Ямщик, не гони лошадей!
Мне некуда больше спешить,
Мне некого больше любить,
Ямщик, не гони лошадей!

Он направился в сторону моря, в приморский парк. Перед глазами стояли совсем другие образы из прежней жизни, образы Родины большой и родины малой. Вспомнилась родовая усадьба в средней полосе России. Большой и старинный помещичий дом, в котором он родился и вырос. Это был мир, в котором жили и умерли его отец и мать. Они жили той жизнью, которая для Сергея казалась идеалом всякого совершенства и которую он мечтал возобновить со своею женой, со своею семьей. Это поместье было даровано предкам ещё в семнадцатом веке за долгую и доблестную службу государю-императору. Род Барминых был настолько древним, что вёл своё начало от охраны Ивана Грозного. Все в этом роду по мужской линии были военными и защищали землю русскую. И вот, теперь, он оказался вышвырнут из той страны, которую защищали его предки. Изгнан вместе с той, которую любил больше всего на свете, которая подарила ему, ни с чем не сравнимое счастье отцовства. Пред ней, будущей своей женой, он падал на колени в тени аллей родного поместья, когда просил её осчастливить его на всю жизнь, став его женой. Её он целовал со слезами на глазах, когда родился их первенец Петруша. И не передаваемы словами, чувства наивысшей точки восторженности и умиления, когда на свет появилась дочка Катюша.
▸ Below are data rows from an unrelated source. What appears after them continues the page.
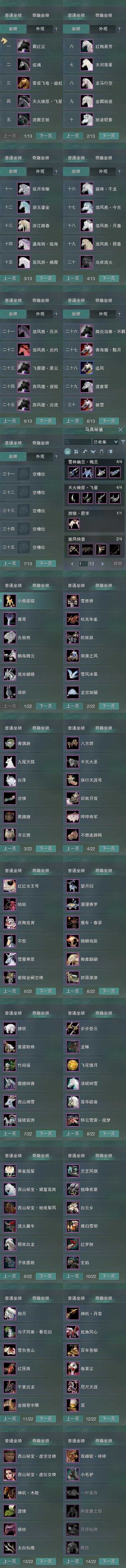 【坐骑】30个[踏炎不羁, 西风瘦炎流, 西风瘦逐狱, 青海骢黯月, 飞霞骠黑云, 黑马, 红马, 小樱马, 雪马, 跃荷马, 金羁驰逐, 白龙马, 弦月马, 天火燎原飞星, 鸾凤游栖霞, 浪风燕今古, 瀛海驹临海, 骁将千龙, 霸红尘, 雷首飞电逾虹]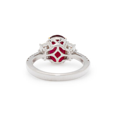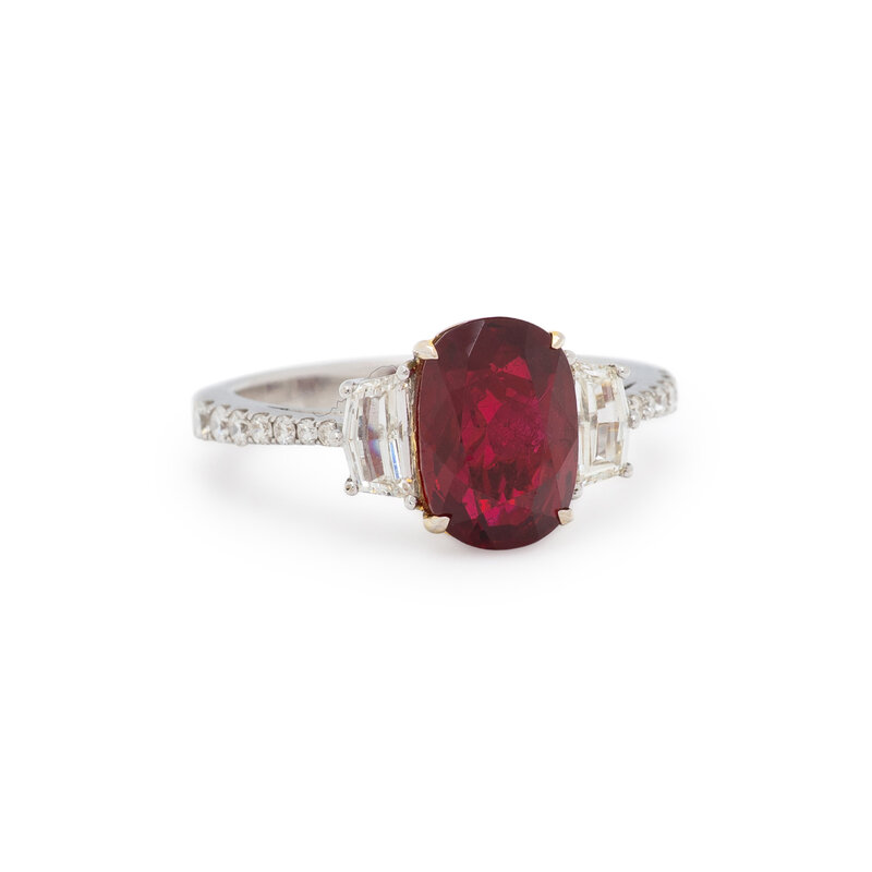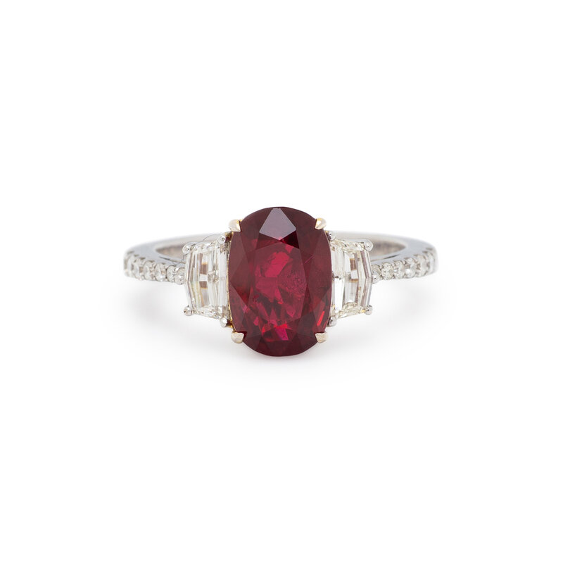 Featuring an oval ruby weighing 3.17 carats, flanked by two pentagonal diamonds weighing approximately 0.45 carat total, with further round diamonds set in the shank. Mounted in 18 karat white gold. Ring size 6 3/4.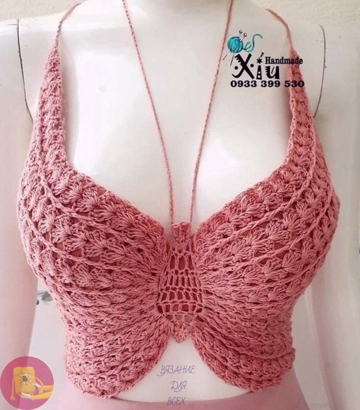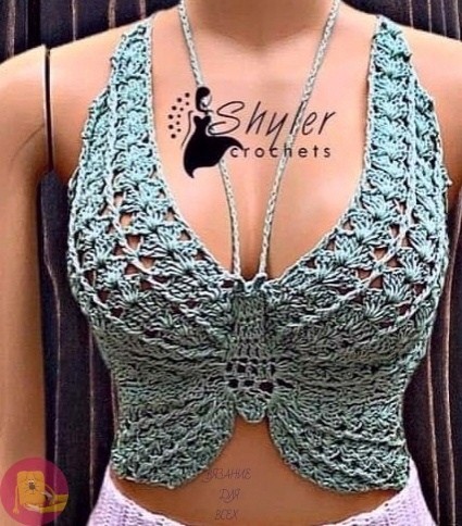 Такой необычный и запоминающийся своей нестандартной красотой топ можно носить и зимой сверху водолазок и рубашек.

Он гнал от себя эти мысли, вышагивая по брусчатке чужого города. Сквозь слезы смотрел вдаль, и ему грезились уездный приволжский городок, синий степной вечер и молоденькая девушка, которую он всей душой любил, и образ которой слился с образом женщины, которая до вчерашнего дня всегда была неотъемлемой частью его жизни, на которую он молился под свистом шрапнели и воем снарядов , которую звал в горячечном бреду госпиталей, и рядом с которой всегда находил покой и отдохновение от кошмаров и ужасов войны.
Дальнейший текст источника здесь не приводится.